§ **What you have to do**
Only the lines from the line that contains "Nos caves à" through the final line of the entries below belong in your answer, copied exactly and without pictures.

§ **Source records**
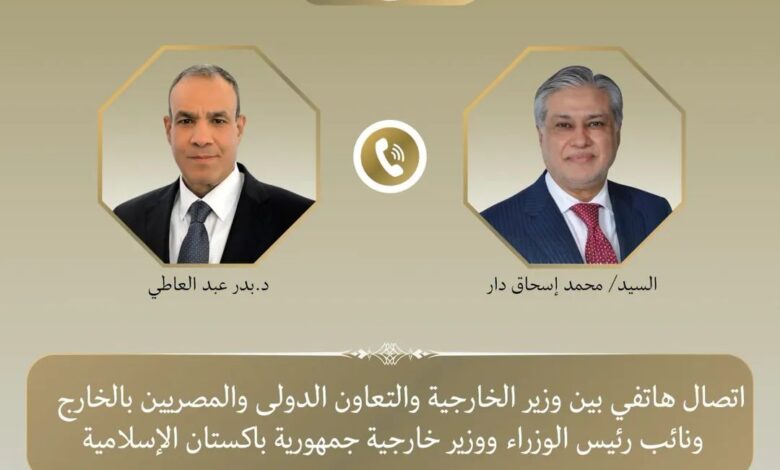 تلقى د. بدر عبد العاطى وزير الخارجية والتعاون الدولي والمصريين بالخارج اتصالاً هاتفياً من السيد محمد إسحاق دار نائب رئيس الوزراء وزير خارجية جمهورية باكستان الإسلامية اليوم ، وذلك فى إطار التشاور والتنسيق بين البلدين للوقوف على آخر مستجدات الوضع الإقليمي وتنسيق الجهود المشتركة.
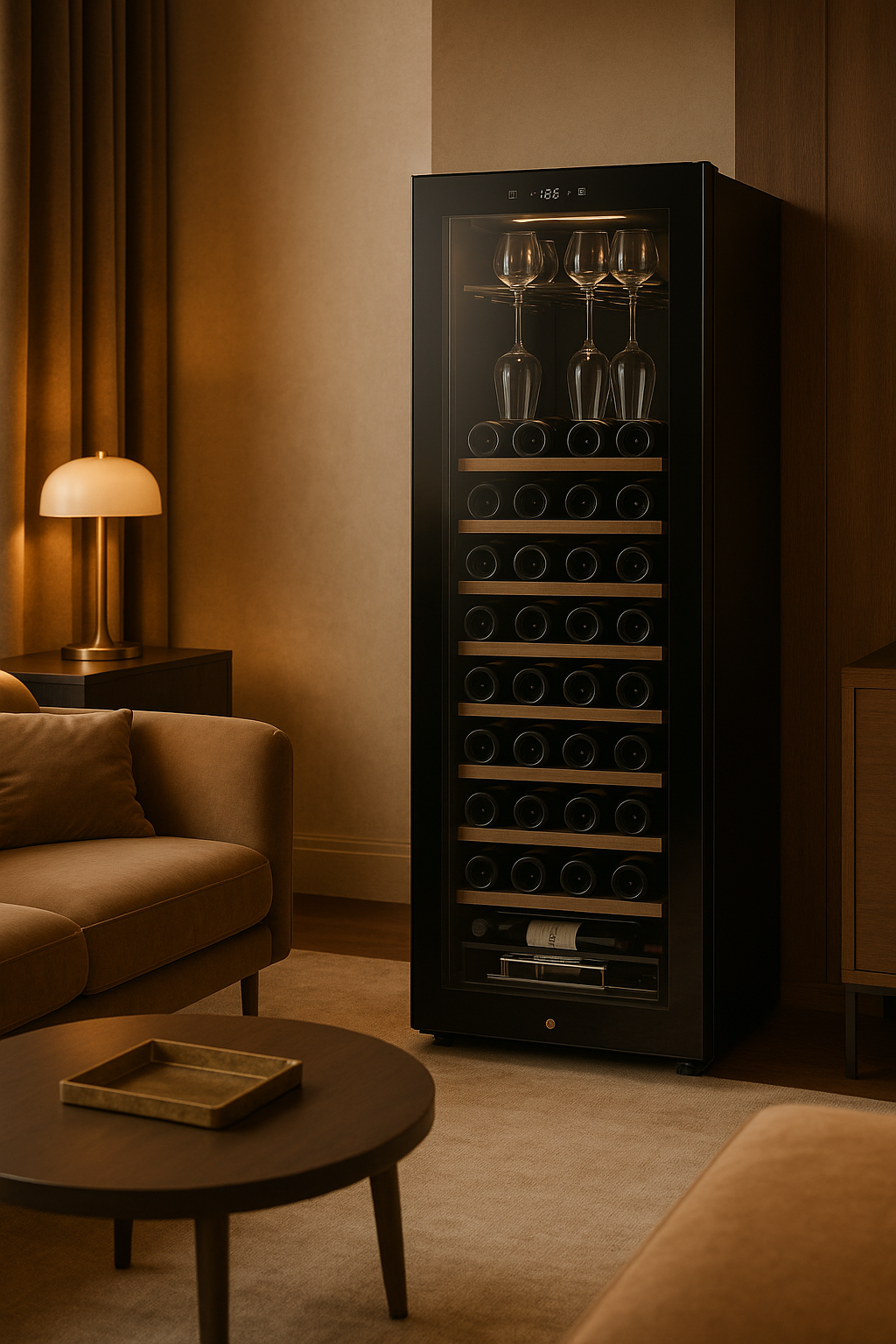 Nos caves à vin sont conçues pour s’intégrer dans un salon, une cuisine ou un espace professionnel avec un look épuré, silencieux et premium.
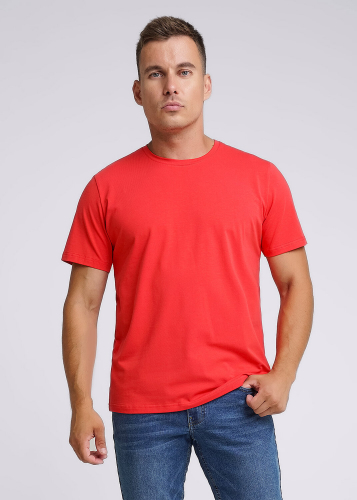 Базовая однотонная футболка стандартного объема с круглой горловиной, втачным рукавом из хлопкового полотна с добавлением эластана. Является неотъемлемой частью мужского гардероба.
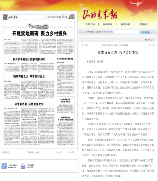 山西青年报关注报道世界杯官网暑期“三下乡”社会实践活动
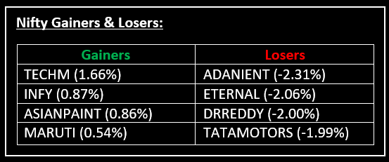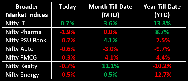 Among the sectors, Nifty IT bucked the trend, closing 0.7% higher, while other indices like Nifty PSU Bank, Nifty Oil & Gas, Nifty Auto and Nifty Realty saw losses ranging from 0.6% to 0.8%.
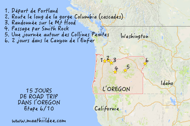 Notre but de la journée est d’arriver au Canyon de l’Enfer, Hells Canyon. Voici à quoi ressemble les différentes étapes de notre road trip dans l’Oregon depuis qu’on est parti, 5 jours plus tôt :
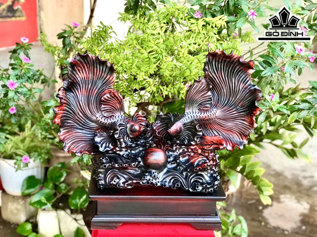 Tượng Cá Xiêm Đôi Gỗ Trắc Cao 45 Ngang 55 Sâu 25 (cm)
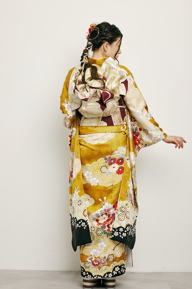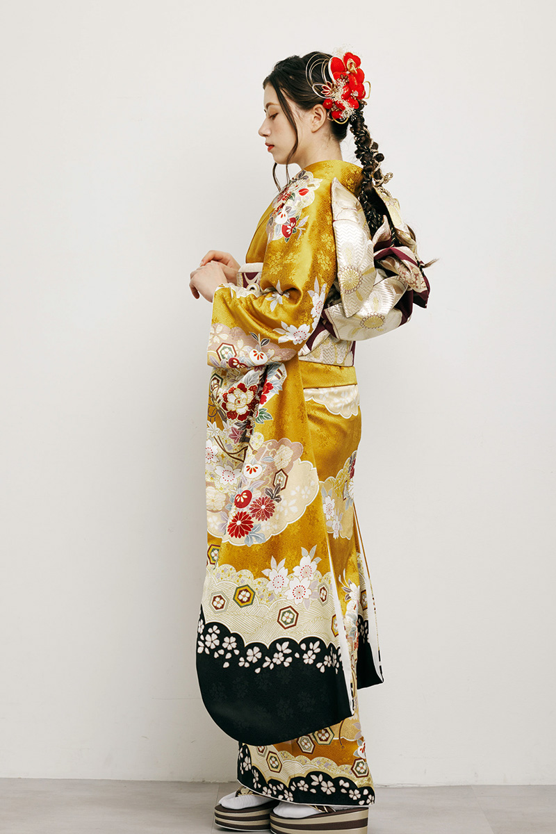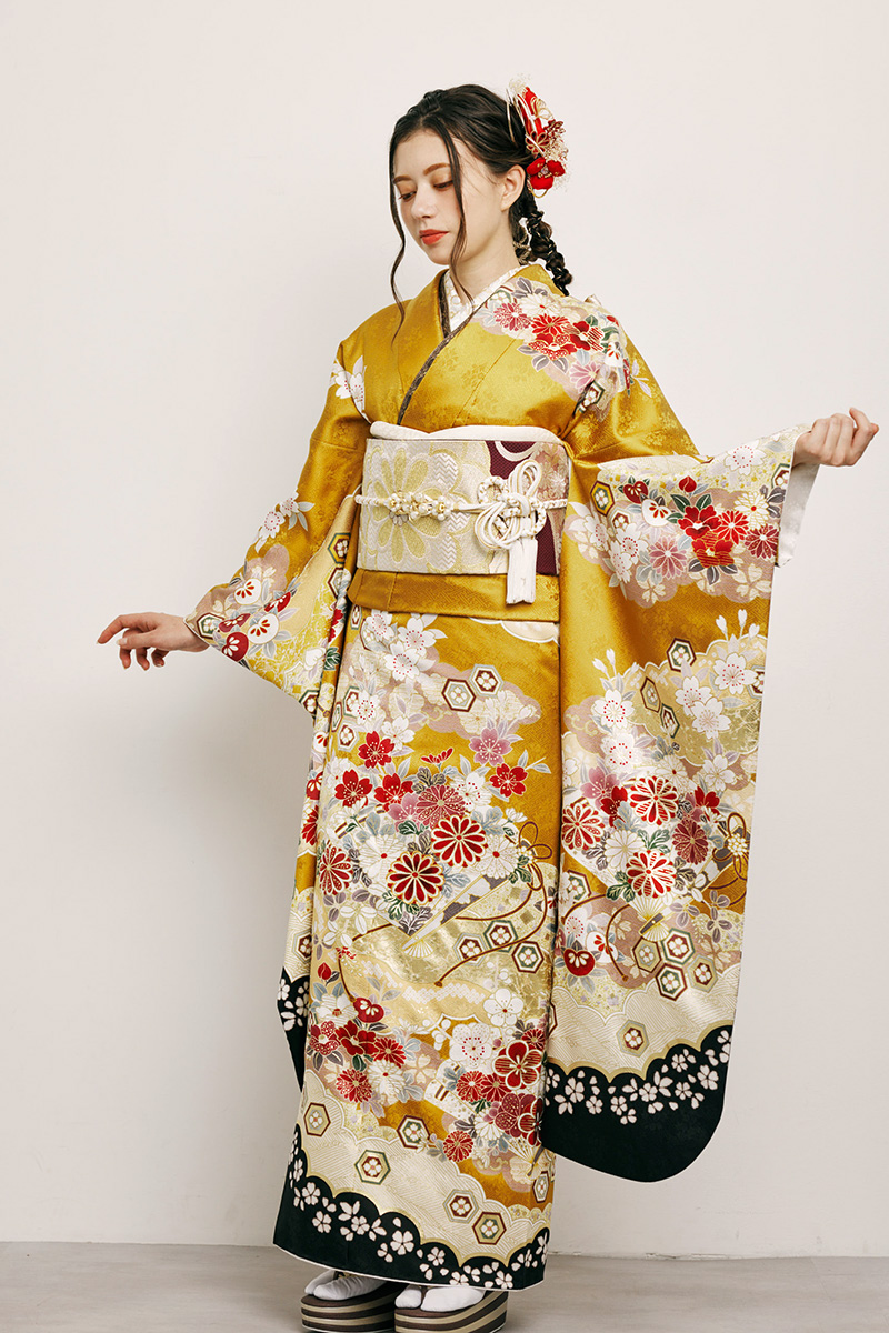 鮮やかな黄金色の生地に、赤や白の花柄が美しく映える振袖。華やかでありながら上品なデザインが、特別な日をさらに彩ります。伝統的な雰囲気とモダンさを兼ね備えた一着で、存在感あふれる装いをお楽しみください。
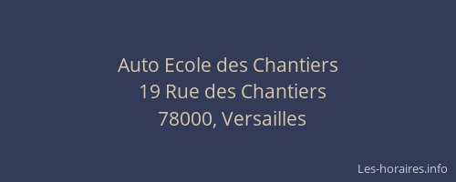 Voici les horaires de Auto Ecole des Chantiers situé à Versailles,
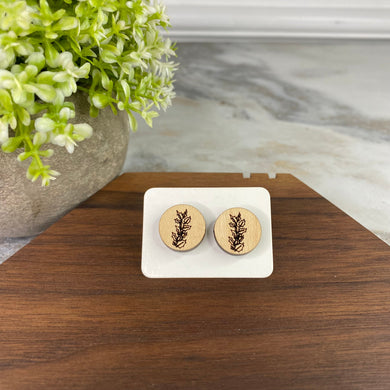 Wooden Stud Earrings - Plant Round
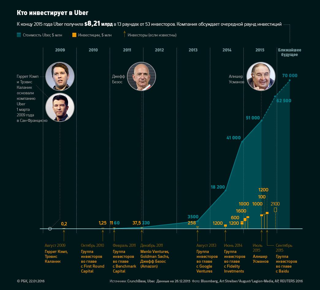 Последний раунд инвестиций в Uber состоялся в декабре прошлого года, писал Bloomberg. Компания привлекла $2,1 млрд от Tiger Global Management, T.Rowe Price и других инвесторов, которые оценили весь бизнес компании в $62,5 млрд. USM в этом раунде участия не принимал, говорит источник РБК, близкий к холдингу. Таким образом, только последние инвестиции Усманова в Uber с лета прошлого года подорожали на 22,5%. Сервис Uber возглавляет топ самых дорогих стартапов мира.

§ **Written solution**
 Nos caves à vin sont conçues pour s’intégrer dans un salon, une cuisine ou un espace professionnel avec un look épuré, silencieux et premium.
 Базовая однотонная футболка стандартного объема с круглой горловиной, втачным рукавом из хлопкового полотна с добавлением эластана. Является неотъемлемой частью мужского гардероба.
 山西青年报关注报道世界杯官网暑期“三下乡”社会实践活动
 Among the sectors, Nifty IT bucked the trend, closing 0.7% higher, while other indices like Nifty PSU Bank, Nifty Oil & Gas, Nifty Auto and Nifty Realty saw losses ranging from 0.6% to 0.8%.
 Notre but de la journée est d’arriver au Canyon de l’Enfer, Hells Canyon. Voici à quoi ressemble les différentes étapes de notre road trip dans l’Oregon depuis qu’on est parti, 5 jours plus tôt :
 Tượng Cá Xiêm Đôi Gỗ Trắc Cao 45 Ngang 55 Sâu 25 (cm)
 鮮やかな黄金色の生地に、赤や白の花柄が美しく映える振袖。華やかでありながら上品なデザインが、特別な日をさらに彩ります。伝統的な雰囲気とモダンさを兼ね備えた一着で、存在感あふれる装いをお楽しみください。
 Voici les horaires de Auto Ecole des Chantiers situé à Versailles,
 Wooden Stud Earrings - Plant Round
 Последний раунд инвестиций в Uber состоялся в декабре прошлого года, писал Bloomberg. Компания привлекла $2,1 млрд от Tiger Global Management, T.Rowe Price и других инвесторов, которые оценили весь бизнес компании в $62,5 млрд. USM в этом раунде участия не принимал, говорит источник РБК, близкий к холдингу. Таким образом, только последние инвестиции Усманова в Uber с лета прошлого года подорожали на 22,5%. Сервис Uber возглавляет топ самых дорогих стартапов мира.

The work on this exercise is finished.